CREAR ESPACIOS DE CONFIANZA

iglesias060416

Se debe decir en voz alta: Hay esperanza. Cuanta más participación e implicación de los ciudadanos, más esperanza. Cuanta más transparencia, menos impunidad y más democracia e igualdad. Dijo Kofi Annan, ex Secretario General de la ONU, en una ocasión, que la voluntad de la gente tiene que ser la base de la autoridad gubernamental. Y que este es el fundamento de la democracia y del buen gobierno.

Pues bien, en una sociedad tan dual y, a la vez, tan interconectada como la actual hay dos claves para el éxito democrático. La primera, está en crear espacios de confianza. Y la segunda, que los ciudadanos sepan que siempre habrá justicia. Hoy más que nunca, la confianza es la base sobre la que debe cimentarse un nuevo contrato social que construya un mundo de bienestar para todos los seres humanos. Esa confianza, que se forjará día a día en las calles, en las empresas, en las instituciones, en el trabajo colaborativo, será global y local, y cambiará el mundo.

El esfuerzo para recuperar la confianza de los ciudadanos en todos los planos de la vida social, política y económica implicará grandes cambios, que se establecerán sobre compromisos basados en los principios y los valores que marca la Declaración de los Derechos Humanos.

Por ese motivo, fue esperanzador, pero no suficiente, ver y leer, en abril de 2009, como en la reunión del G-20 de Londres se proclamaba, con grandes palabras, que la era del secreto bancario se había acabado. Concretamente, en el punto decimoquinto de las conclusiones se decía: “Tomar medidas contra las jurisdicciones no cooperativas, incluidos los paraísos fiscales. Estamos dispuestos a desplegar sanciones para proteger nuestras finanzas públicas y nuestros sistemas financiaros. La era del secreto bancario se ha acabado. Señalamos que la OCDE ha publicado hoy una lista de países evaluados por el Foro Mundial de acuerdo con la norma internacional para el intercambio de información fiscal” La pregunta que surge es evidente: ¿en qué quedó todo aquello? Y más, cuando algunos países presentes firmaron acuerdos con Panamá para el intercambio de información, y siguió sucediendo lo que todo el mundo sabía y ahora se hace público.

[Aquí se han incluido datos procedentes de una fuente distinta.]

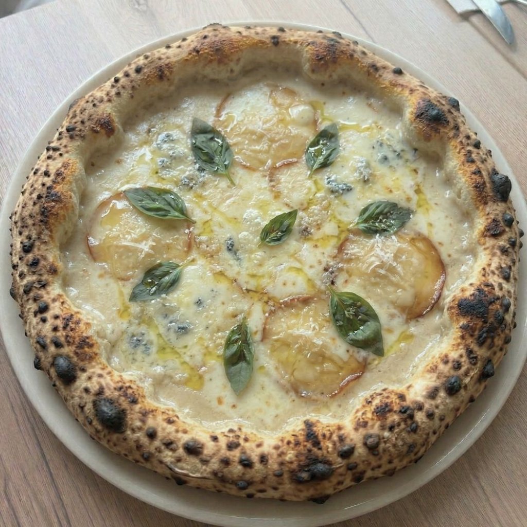 Parmazánový krém, gorgonzola, pecorino, parmigiano, uzená provola, bazalka, extra virgin olivový olej | Parmesan cream, gorgonzola, pecorino, parmigiano, smoked provola, basil, extra virgin olive oil
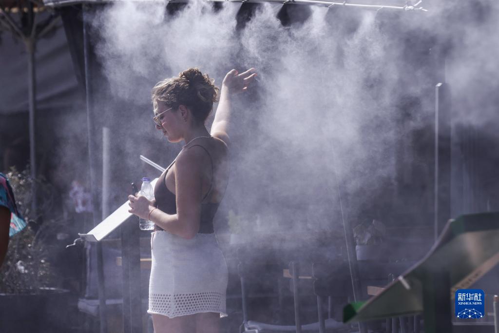 7月23日,在希臘雅典一家咖啡館外,一名女子在噴霧風扇下乘涼。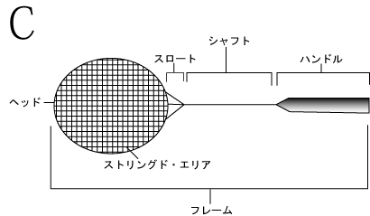 - ラケットは、フレームの全長で680mm以内、幅は230mm以内とし、それを構成している主な部位については次の(1)から (5)のとおりとする。各部位の名称は図Cのとおりである。

Pero lo que hoy nos ocupa, es otra cuestión más importante. El hecho de que actores no gubernamentales colaboren para sacar a la luz información que obliga a los gobiernos a pasar de las declaraciones a la aplicación de la ley. Que un grupo de más de 370 periodistas, de un centenar de medios de comunicación de 76 países, haya trabajado durante un año para que hoy todo el mundo conozca cómo funcionan las sociedades offshore que se crean en paraísos fiscales, y a muchos de los titulares de esas sociedades que se caracterizan por su secretismo, marca un nuevo punto de inflexión.

Por una parte, frente a la concentración de los medios de comunicación que se ha producido en las últimas décadas, y que generó grandes multinacionales donde prima más la cuenta de resultados y sus interés de grupo que la libertad de información, se afianza un nuevo tipo de periodismo colaborativo que vuelve a dar a la libertad de expresión e información el papel central que debe tener en todo sistema democrático.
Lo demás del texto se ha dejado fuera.